Однако «принимаемые меры по противодействию коррупции нельзя назвать, безусловно, эффективными» [3]. Свидетельством тому выступают отчеты правоохранительных органов о зарегистрированных преступлениях. Так, в 2017 году только за преступления коррупционной направленности было привлечено к уголовной ответственности 1 746 человек, ущерб составил 177,5 млрд рублей, в суд направлены 3 367 уголовных дел [6].
Усилия государства по противодействию коррупции в последнее двадцатилетие находятся под пристальным вниманием как со стороны руководства страны и общества в целом, так и научного сообщества, однако каждая деятельность в противодействии преступности требует не только итоговой отчетности, но и оценки эффективности. Оценить эффективность государства в этой сфере достаточно непросто, что
вызвано, прежде всего, различием традиций, национального менталитета, истории развития государства и права, культуры. Такими обстоятельствами может быть обусловлено разительное отличие масштабов коррупционных проявлений в государстве и восприятие их как таковых. Объективным фактором, влияющим на частоту и объемы коррупционных проявлений, выступает уровень общественных отношений. Эти обстоятельства позволяют говорить о высокой степени условности разработки агрегированного индекса, которым могла бы быть учтена вся полнота детерминант коррупции и ее проявлений.
Известно, что индекс восприятия коррупции в качестве мерила уровня коррупции был предложен Transparency International в 1995 году. Он представляет собой ежегодный показатель, результат которого рассчитывается посредством оценки результатов социологических исследований и мнения (оценки) экспертов. Анализируются четыре показателя: во-первых, отношения «бизнес - власть»; во-вторых, национальное антикоррупционное законодательство; в-третьих, возможности контроля деятельности власти, в том числе в области противодействия коррупции со стороны общества и СМИ; в-четвертых, прозрачность и открытость деятельности госорганов [7]. Причем СМИ, по некоторым источникам, иногда может выступать в качестве самостоятельного источника оценки уровня восприятия коррупции при выявлении индекса.

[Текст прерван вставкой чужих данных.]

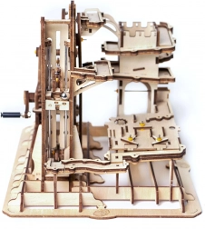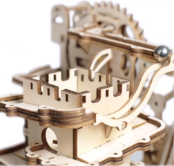 Model obsahuje věžový rozdělovač, spirálové svahy, jeřábový a kolový zvedák, krátkou skluzavku a chytře umístěné spínače, které mění dráhu kuliček. Obtížnost je hodnocena 4/5; složení zabere přibližně 6–7 hodin. Po dokončení jednoduše zatočte klikou a nechte se unést dynamickou podívanou, která názorně ukazuje principy STEM.
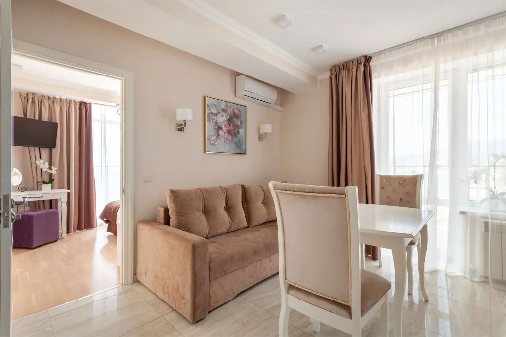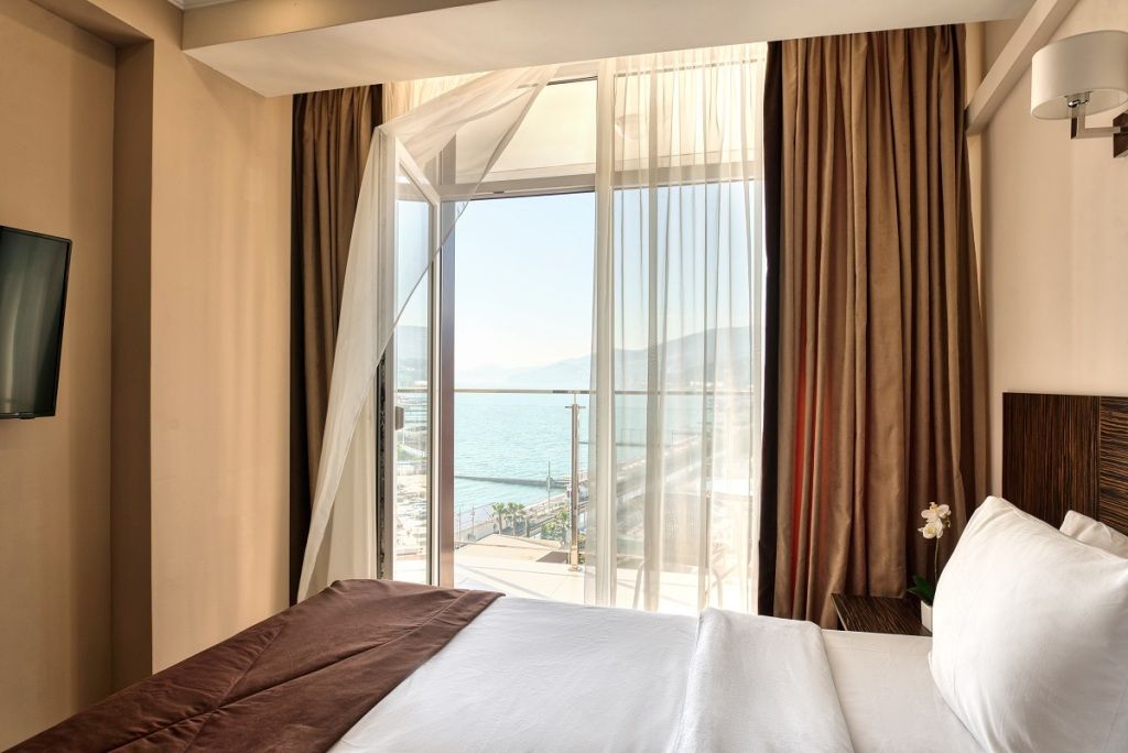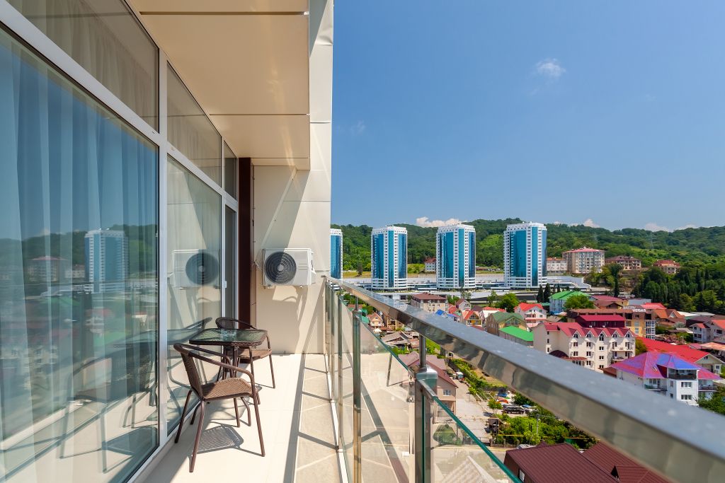 Уютный однокомнатный номер с балконом с прямым видом на море с возможностью размещения до 4х человек. Общая площадь номера – 37м2. Спальные места – двуспальная кровать, раскладной двуспальный диван. В номере полностью оборудованная кухня, необходимый набор посуды, ванная комната с ванной или душем, балкон. Номера данной категории располагаются с 6 по 11 этаж. При заселении с гостей взимается возвратный депозит - 5000 рублей. Питание по системе "Шведский стол" проходит в ресторане "Миндаль" (отдельно стоящее от жилых корпусов здание).Услуги и удобства
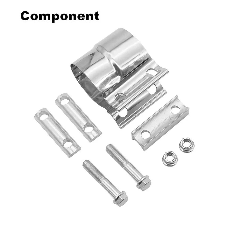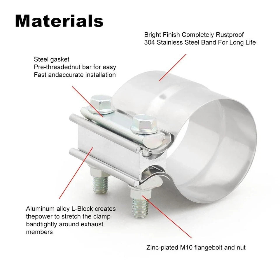 Clamp Size: joins 3.5 inches OD pipe to 3.5 inches ID pipe, width of strap: 3 inches /76mm clamp, 2 Pcs per package Clamp Material: 304 stainless steel band, zinc-plated M10 flange bolt and nut, steel gasket, aluminum alloy I-block Product Clamp Application: Lap joint clamp is a simple, effective way to connect exhaust system components such as exhaust pipes connect, exhaust pipe tail throat connect , mufflers connect, catalytic converters connect etc Product Advantage: stainless steel materials is good corrosion resistance, easy to install or remove product, no welding design Product Feature: this band clamps make the force of 360 evenly distributed, provides a good seal and prevents material deformation
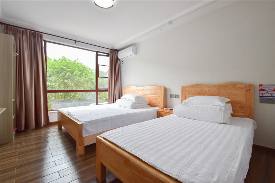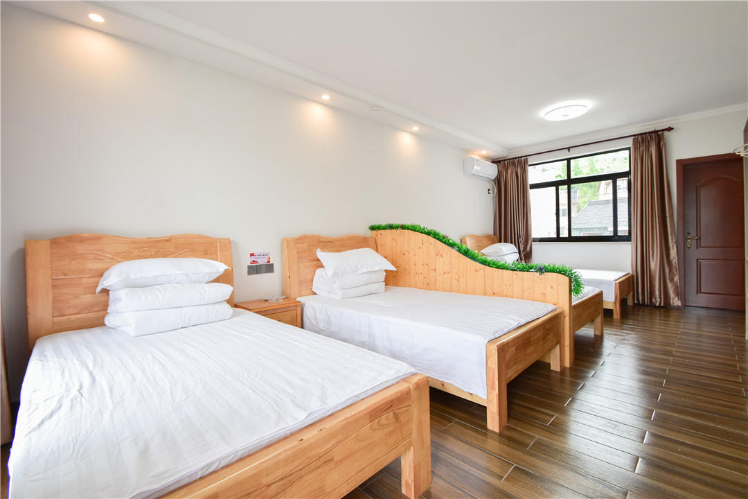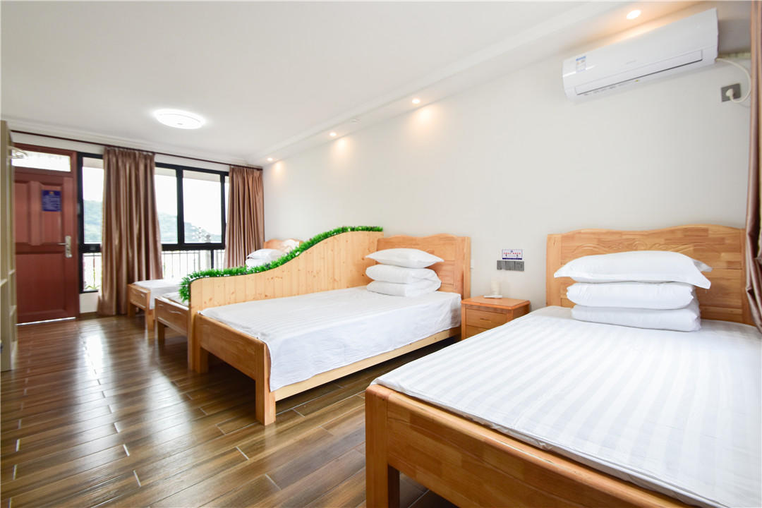 客房:能同时入住43人,房型有标间、三人间、家庭房、四人间,房间均配有中央热水器,24小时供应热水,床单被套一客一换。
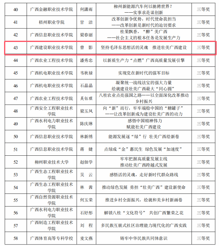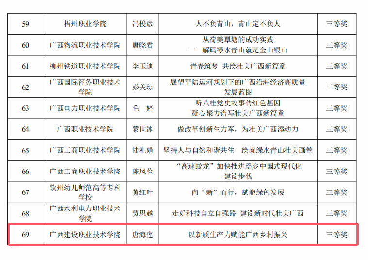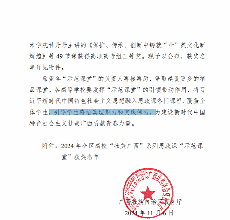 广西建院11月13日讯(马克思主义学院 宋佳雄)近日,自治区教育厅公布了2024年全区高校“壮美广西”系列思政课“示范课堂”获奖名单。开云线上平台_开云(中国)马克思主义学院思政课教师梁晓祺参评的作品《改革创新赋动能 “桥”见壮美广西新篇章》荣获高职高专组一等奖,黄云清老师参评的作品《以新发展理念引领高质量发展—一根甘蔗的甜蜜新生》荣获高职高专组二等奖,曾影、唐海莲老师参评的作品《坚持毛泽东思想活的灵魂 推进壮美广西建设》《以新质生产力赋能广西乡村振兴》分别荣获高职高专组三等奖。

Однако, безусловно, создание такого индекса представляет собой попытку приведения уровня эффективности борьбы с коррупцией в различных государствах к «единому знаменателю» и вызывает закономерный интерес в науке и практике. Вместе с тем, сказанное не ограждает индекс восприятия коррупции от критики исследователей, как обоснованной, так и не вполне обоснованной. Так, например, Н.Б. Капитонова, Н.В. Тумаланов [8], О.Г. Савчишкина [9] и другие справедливо и обоснованно указывают, что нельзя признать индекс восприятия коррупции универсальным показателем уровня коррупции в государстве или отдельном регионе. Удивительно, но несовершенство такого ин-
струмента оценки уровня коррупции отмечают и Transparency International (CPI), и ряд зарубежных исследователей [10], апеллируя к тому, что он ориентирован лишь на бизнес-климат, без учета культурно-исторических отличий государств.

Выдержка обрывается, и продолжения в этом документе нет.